An eerie quiet has descended over much of the 354 million square feet of real estate owned and leased by the General Services Administration (GSA). Facilities around the U.S. and its territories emptied on October 1 when the new fiscal year arrived without a budget approved by Congress. As required by law for all federal agencies, the GSA had prepared a contingency plan in anticipation of possible shutdowns that directs the orderly egress of all staff deemed “non-excepted.” After powering down their computers on October 1st, 7,732 of the GSA’s 11,821 employees headed home, along with about 800,000 colleagues from the EPA, DOE, DOJ and other agencies.
The Constitution holds that Congress retains the power of the purse: “No Money shall be drawn from the Treasury, but in Consequence of Appropriations made by Law. . . .” And as we discussed last year, this principle is enforced by the Antideficiency Act (ADA). Enacted in 1884, the ADA blocks the Executive Branch from creating a “coercive deficiency” by taking on financial obligations without funding approval from the legislature. Violations can result in civil and criminal penalties (so furloughed employees need to stay off those Blackberries). Implications of the ADA have already rattled government contractors during the sequester as addressed on this blog earlier this year.

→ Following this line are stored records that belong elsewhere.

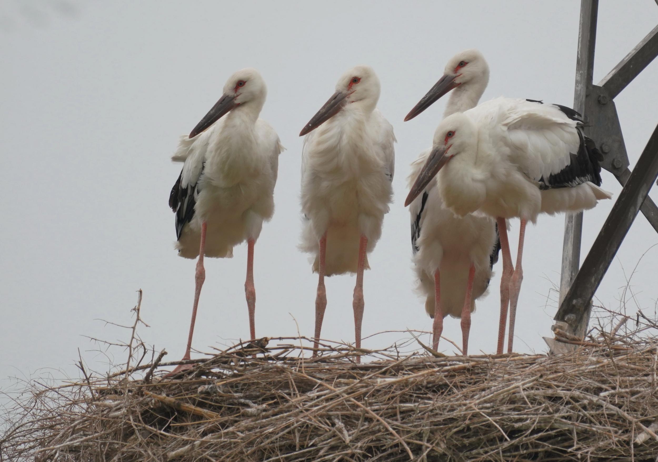 6月9日,东方白鹳雏鸟在巢中。新华社记者 杨世尧 摄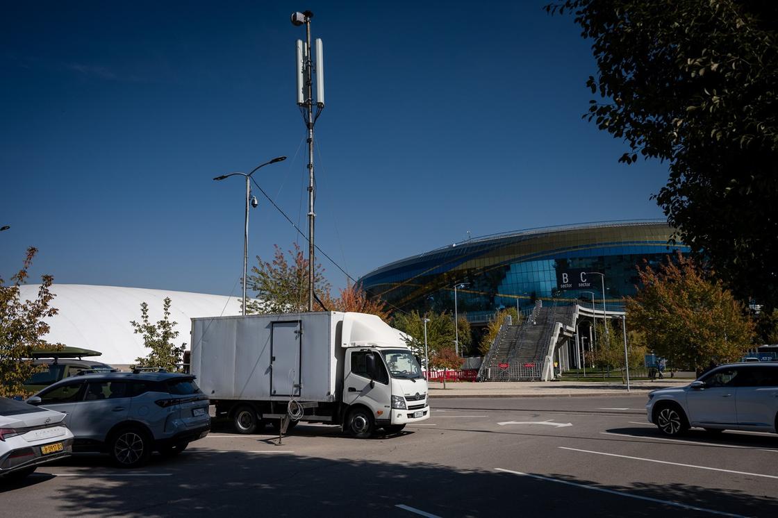 Перед зданием оператор установил мобильные базовые станции. Это технологическое решение применяется как раз, когда нужно временное усиление связи: оборудование привозят на специальном фургоне, собирают, а после мероприятия демонтируют и увозят. На ATP 250 стоит две мобильных базовых станции.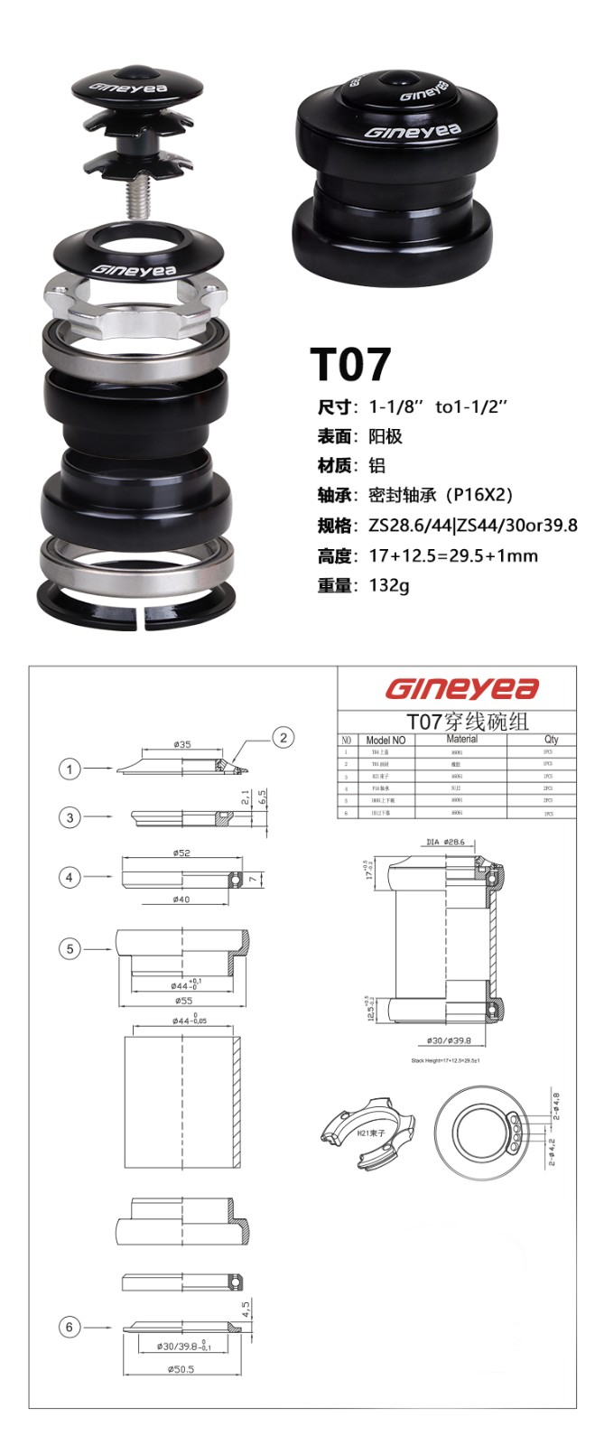 培林碗組41/41.8/52MM錐形培林山地公路車頭碗組頭碗全隱藏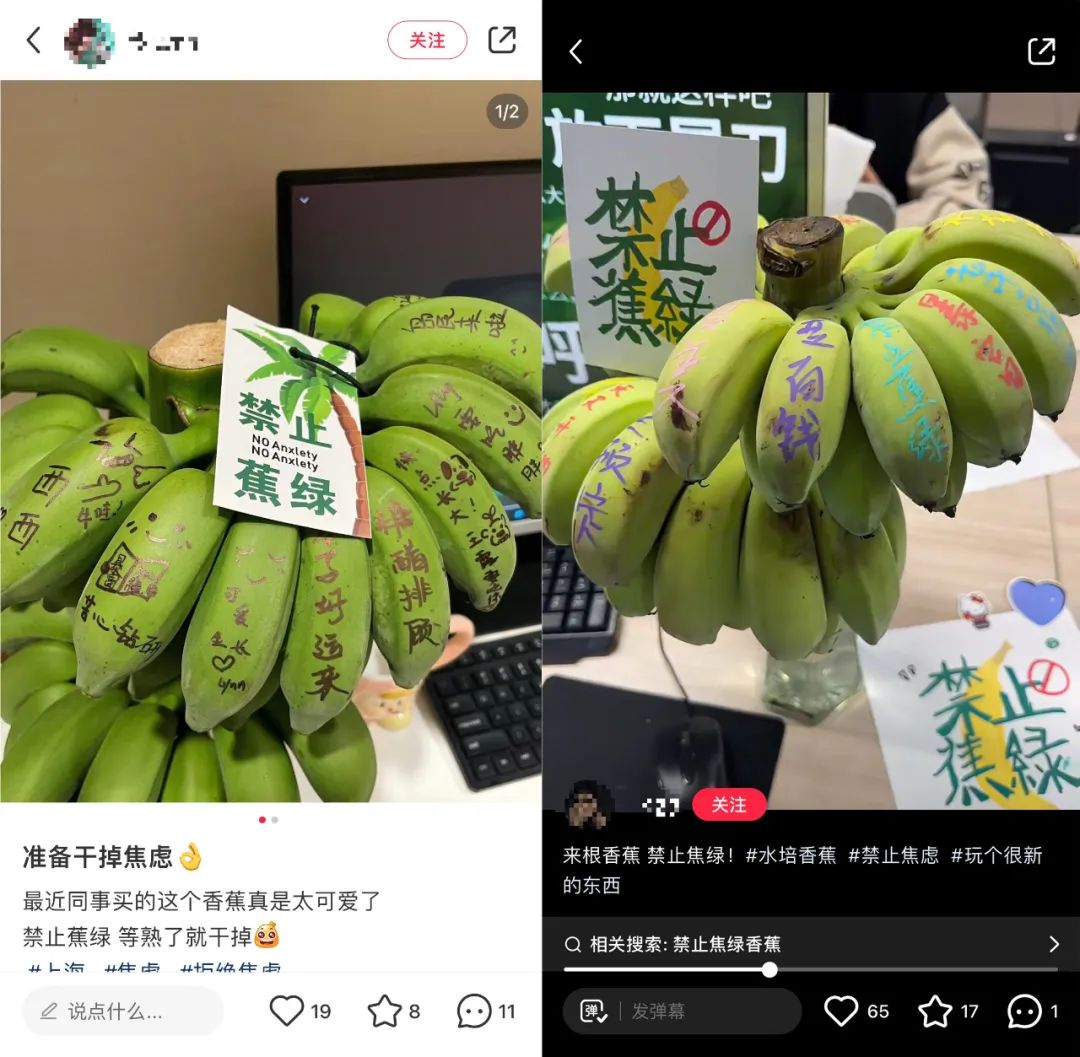 焦虑是一个看不见摸不着的东西,现在打工人办公室标配的绿植,将「禁止蕉绿」以工牌、文字的形式出现,让打工人内心深处拒绝焦虑的想法实现了具象化的表达,产生了“蕉虑(绿)散去”、静待“蕉黄”的积极心理暗示,也让拒他们绝精神内耗有了仪式感。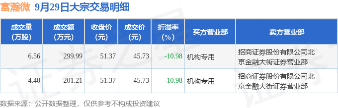 9月29日富瀚微现2笔折价10.98%的大宗交易 合计成交501.2万元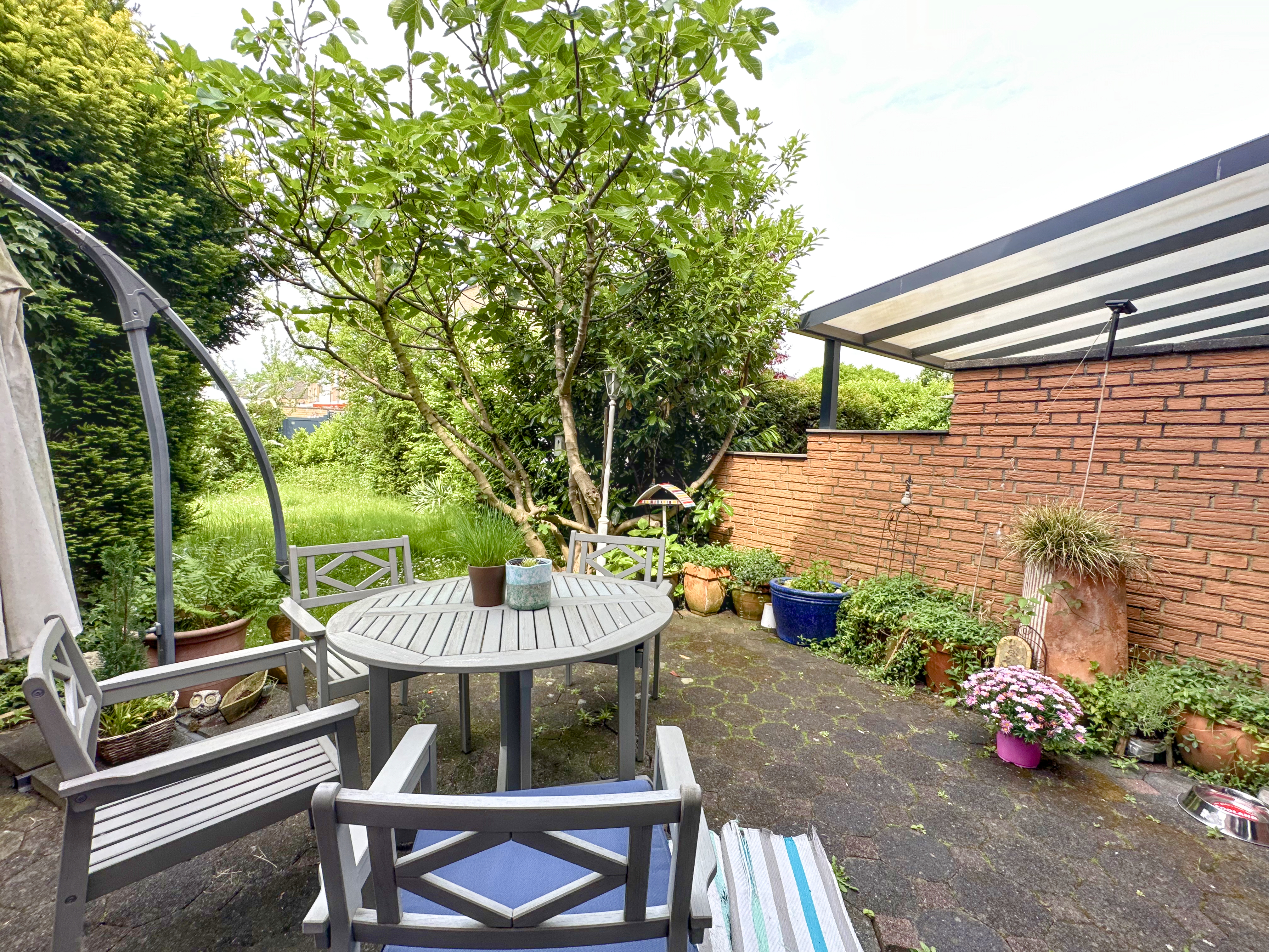 Der gemütliche Sonnengarten mit west Ausrichtung samt Terrasse und einer Sonnenmarkise lädt zum verweilen ein und bietet Raum für persönliche Entfaltung bietet.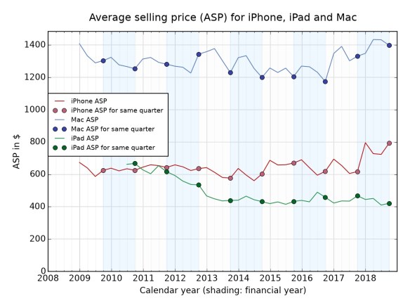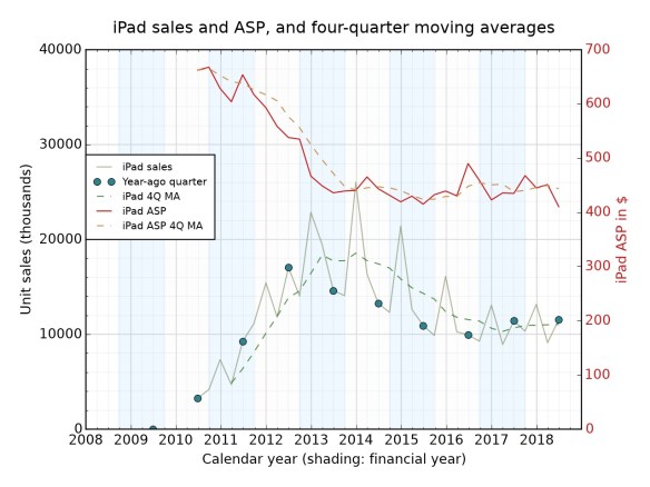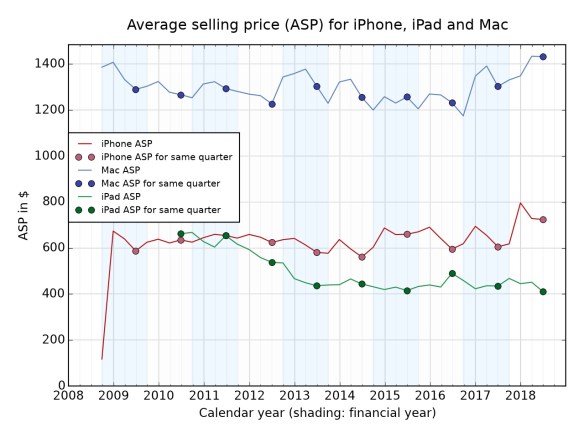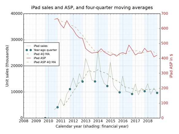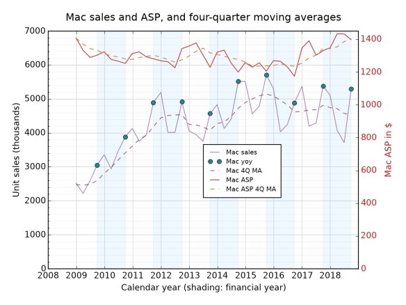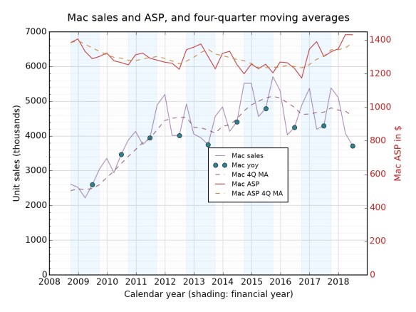 How about Macs? Sales are once more flat (the line with dots), ASPs are up. That ASP line will probably go up next quarter – though we won’t know exactly how much.

Fortunately, most leases administered by the GSA are immune from sequester-related cancellation because of the revolving Federal Buildings Fund. In a shutdown, though, the ADA has additional consequences for contractors, employees and throughout the government.
Yet some employees of the GSA and other agencies are remaining on the job. Their paychecks will be delayed, but workers specifically excepted are allowed to keep functioning under the ADA. At the GSA, 3,166 employees continue working because their compensation is provided by permanent and no-year appropriations, while 928 employees have been retained to protect human life and federal property. The remnant staff is expected to assist federal agencies in GSA-owned and -leased buildings to provide IT services, communications, lights, power, security and human safety. Facilities including parking remain open with limited services similar to “weekend mode.” Security continues to be provided by the Federal Protective Service of the Department of Homeland Security and the GSA website is available for reference, although not maintained.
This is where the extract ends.